**RAW DATA**
○ ○ ○ ○ ○

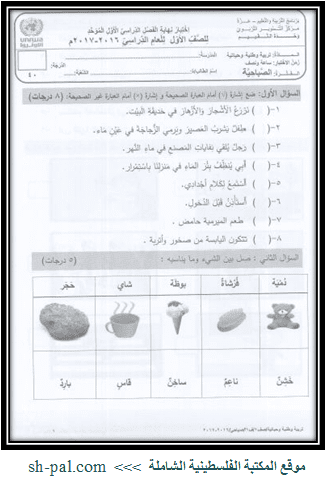 ختبار التربية الوطنية والحياتية للصف الأول نهاية الفصل الأول 2017 (صباحي - مسائي)
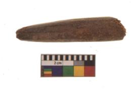 | Description / विवरण | Specimen of a polished bone point made on long bone, it has pointed top, It is rectangular cross section in shape with flat and thick body. |
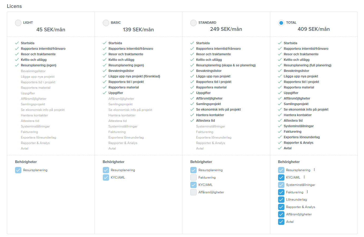 Användare med licenserna Basic, Standard och Total kan ges behörighet till KYC/AML-modulen.

○ ○ ○ ○ ○

**TASK DIRECTIONS**
Return all of the material above unchanged, minus its pictures.

**SOLVED PROBLEM**
 ختبار التربية الوطنية والحياتية للصف الأول نهاية الفصل الأول 2017 (صباحي - مسائي)
 | Description / विवरण | Specimen of a polished bone point made on long bone, it has pointed top, It is rectangular cross section in shape with flat and thick body. |
 Användare med licenserna Basic, Standard och Total kan ges behörighet till KYC/AML-modulen.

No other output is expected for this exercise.